[Dataset excerpts]
————

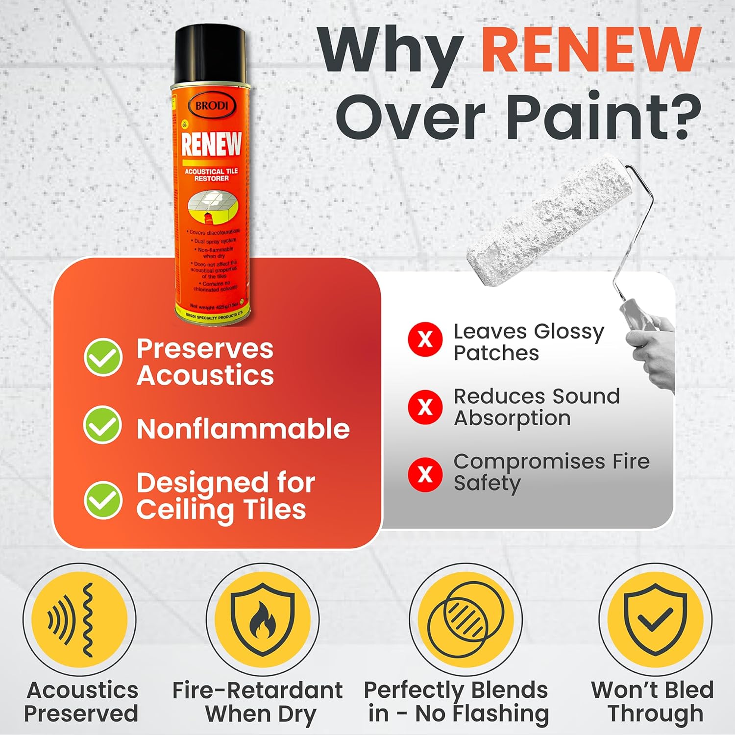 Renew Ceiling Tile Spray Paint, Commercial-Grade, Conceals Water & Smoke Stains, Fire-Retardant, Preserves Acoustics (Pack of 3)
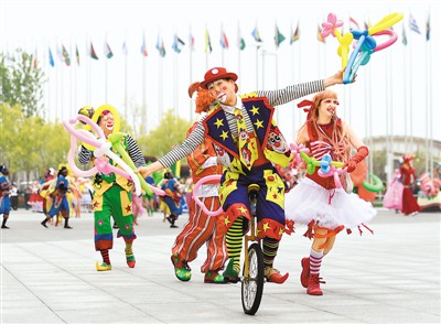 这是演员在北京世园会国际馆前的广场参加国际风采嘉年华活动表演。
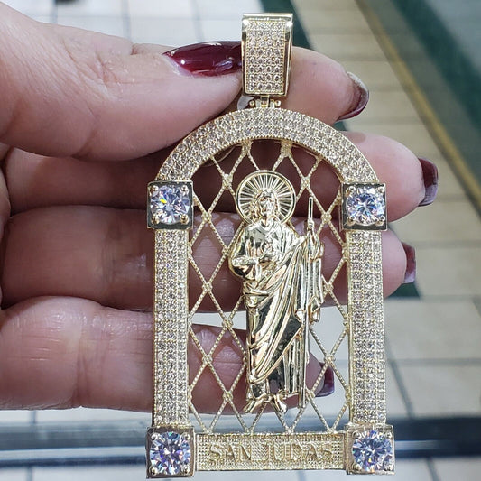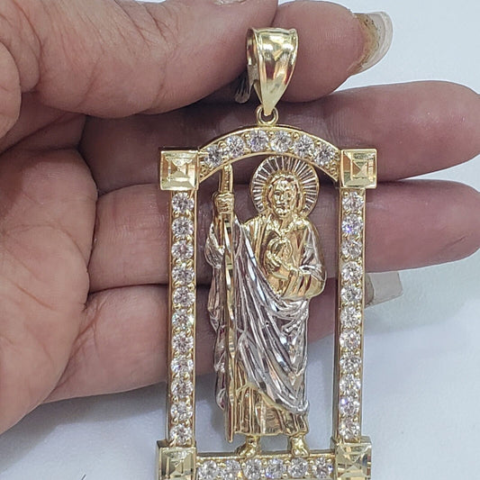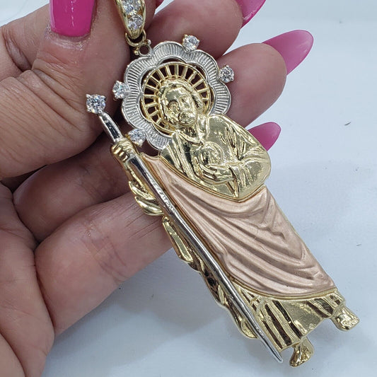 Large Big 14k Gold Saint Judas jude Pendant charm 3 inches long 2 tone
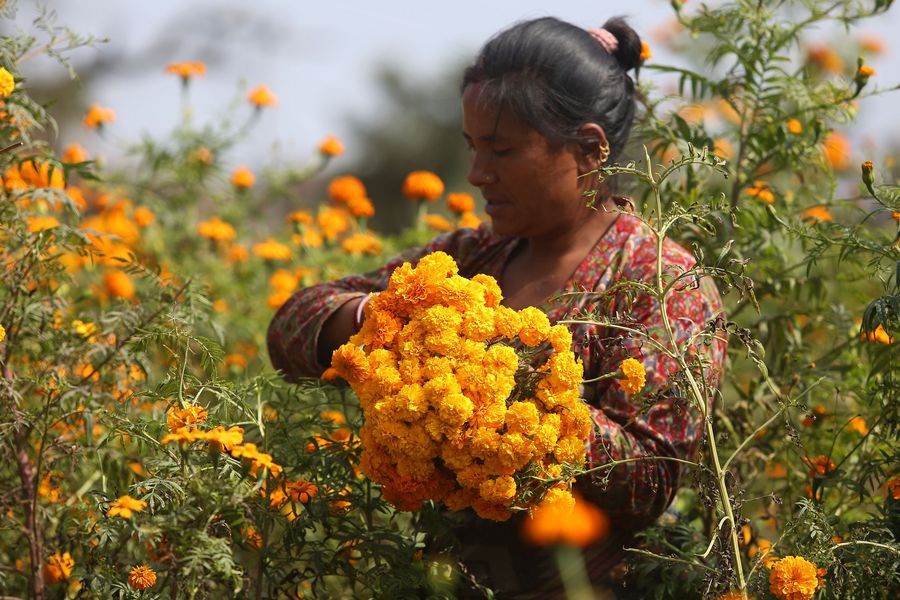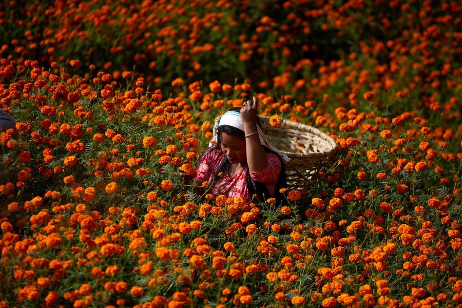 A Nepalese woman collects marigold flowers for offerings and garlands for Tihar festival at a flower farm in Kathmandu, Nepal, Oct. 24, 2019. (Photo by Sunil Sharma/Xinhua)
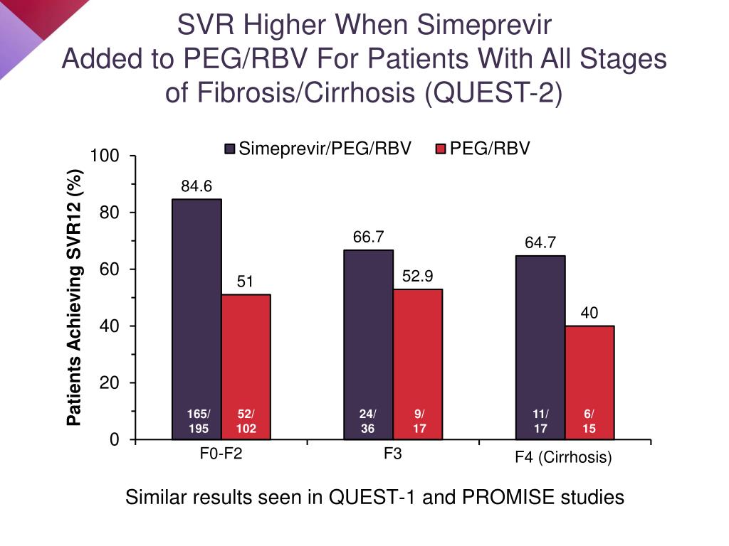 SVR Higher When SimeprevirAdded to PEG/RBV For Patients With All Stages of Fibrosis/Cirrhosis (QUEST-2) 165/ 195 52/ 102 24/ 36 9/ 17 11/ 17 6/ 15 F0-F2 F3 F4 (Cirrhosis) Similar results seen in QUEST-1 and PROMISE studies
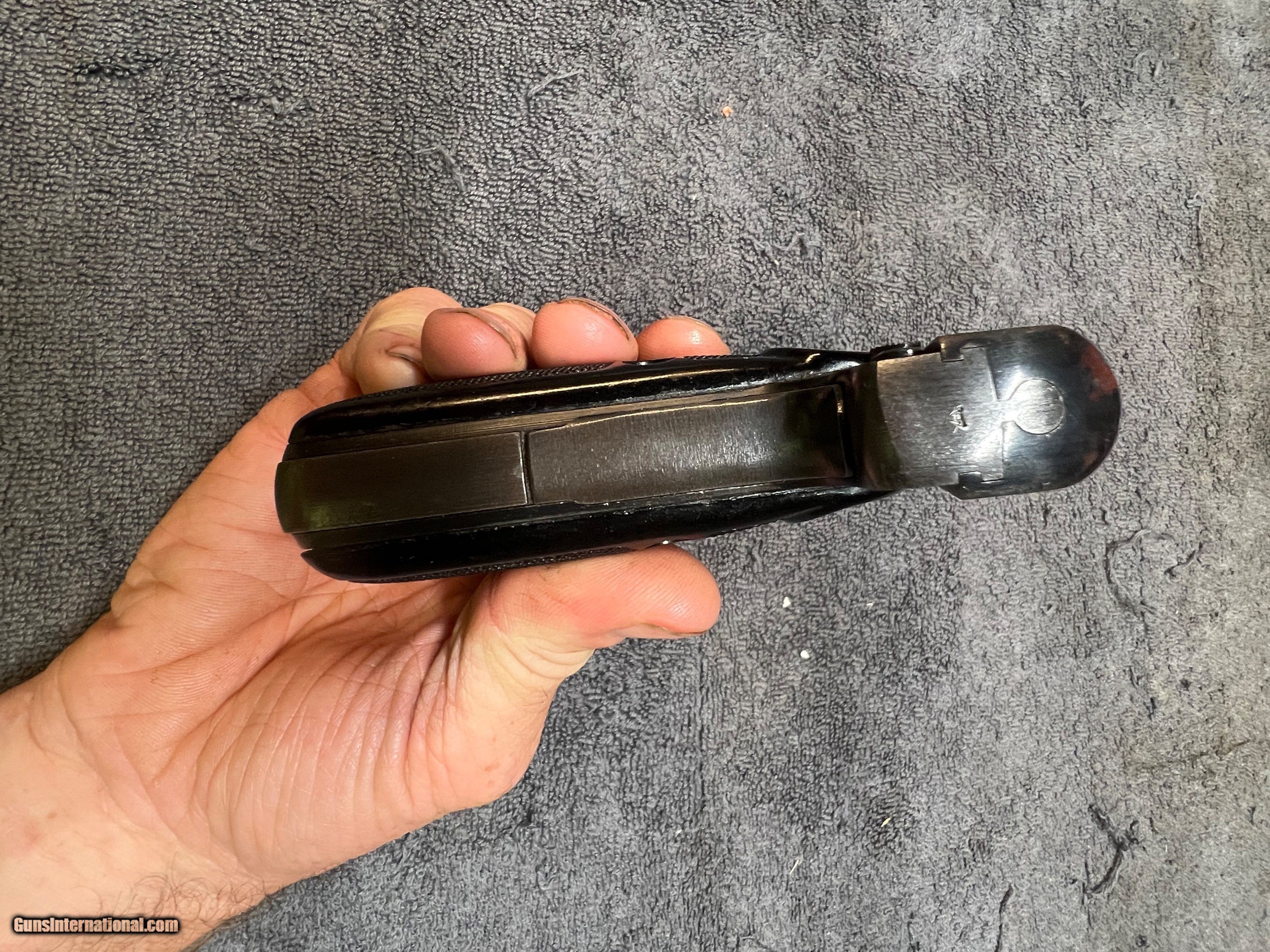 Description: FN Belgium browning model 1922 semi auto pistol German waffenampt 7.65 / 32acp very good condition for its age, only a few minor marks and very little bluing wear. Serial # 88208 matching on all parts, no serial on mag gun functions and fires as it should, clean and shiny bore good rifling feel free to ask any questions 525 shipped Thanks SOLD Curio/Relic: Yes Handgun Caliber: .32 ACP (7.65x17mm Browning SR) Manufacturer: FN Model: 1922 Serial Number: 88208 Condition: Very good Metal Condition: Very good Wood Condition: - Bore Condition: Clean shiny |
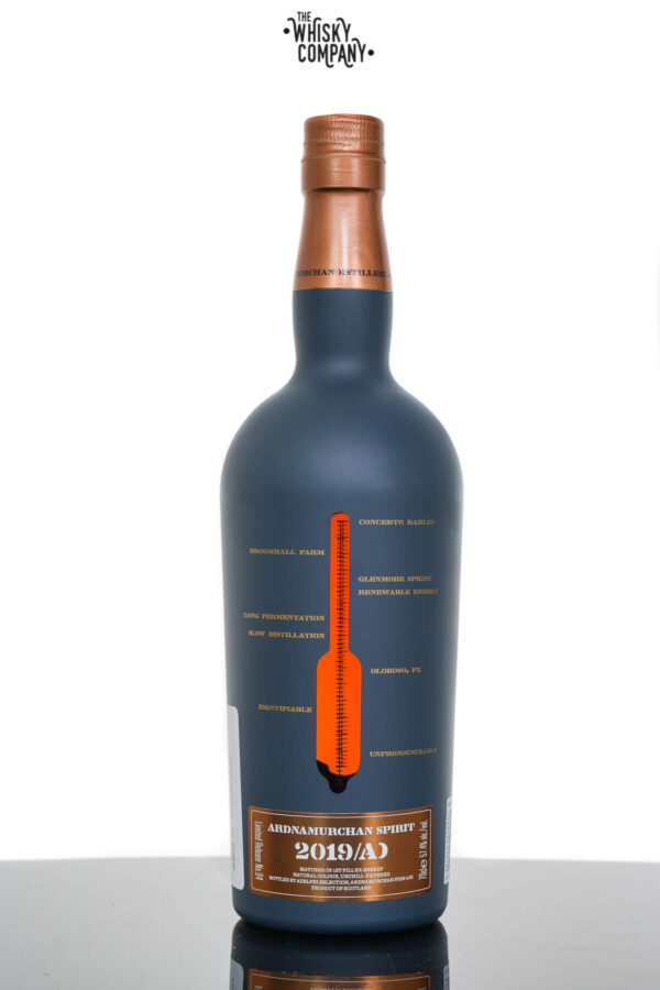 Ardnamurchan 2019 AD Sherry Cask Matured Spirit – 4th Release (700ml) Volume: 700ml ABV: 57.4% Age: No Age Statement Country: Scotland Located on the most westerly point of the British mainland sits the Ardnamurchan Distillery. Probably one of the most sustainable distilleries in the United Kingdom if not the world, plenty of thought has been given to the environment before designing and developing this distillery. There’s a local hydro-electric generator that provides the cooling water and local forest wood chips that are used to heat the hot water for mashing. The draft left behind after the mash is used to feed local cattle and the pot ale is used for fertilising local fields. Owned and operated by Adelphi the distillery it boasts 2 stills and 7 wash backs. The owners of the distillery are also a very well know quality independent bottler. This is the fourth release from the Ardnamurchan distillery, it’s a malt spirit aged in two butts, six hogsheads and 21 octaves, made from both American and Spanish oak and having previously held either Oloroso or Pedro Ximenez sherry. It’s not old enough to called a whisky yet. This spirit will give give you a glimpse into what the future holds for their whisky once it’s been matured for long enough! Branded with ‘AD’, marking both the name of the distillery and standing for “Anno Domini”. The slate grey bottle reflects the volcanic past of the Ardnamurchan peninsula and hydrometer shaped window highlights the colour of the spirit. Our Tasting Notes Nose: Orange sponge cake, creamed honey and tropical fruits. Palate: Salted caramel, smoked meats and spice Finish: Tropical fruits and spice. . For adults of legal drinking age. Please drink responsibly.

————

_Task statement_
What you return must match the lines above from the one with "SVR Higher When" through the one with "Description: FN Belgium" exactly, with both ends included and the pictures excluded.

_Exercise result_
 SVR Higher When SimeprevirAdded to PEG/RBV For Patients With All Stages of Fibrosis/Cirrhosis (QUEST-2) 165/ 195 52/ 102 24/ 36 9/ 17 11/ 17 6/ 15 F0-F2 F3 F4 (Cirrhosis) Similar results seen in QUEST-1 and PROMISE studies
 Description: FN Belgium browning model 1922 semi auto pistol German waffenampt 7.65 / 32acp very good condition for its age, only a few minor marks and very little bluing wear. Serial # 88208 matching on all parts, no serial on mag gun functions and fires as it should, clean and shiny bore good rifling feel free to ask any questions 525 shipped Thanks SOLD Curio/Relic: Yes Handgun Caliber: .32 ACP (7.65x17mm Browning SR) Manufacturer: FN Model: 1922 Serial Number: 88208 Condition: Very good Metal Condition: Very good Wood Condition: - Bore Condition: Clean shiny |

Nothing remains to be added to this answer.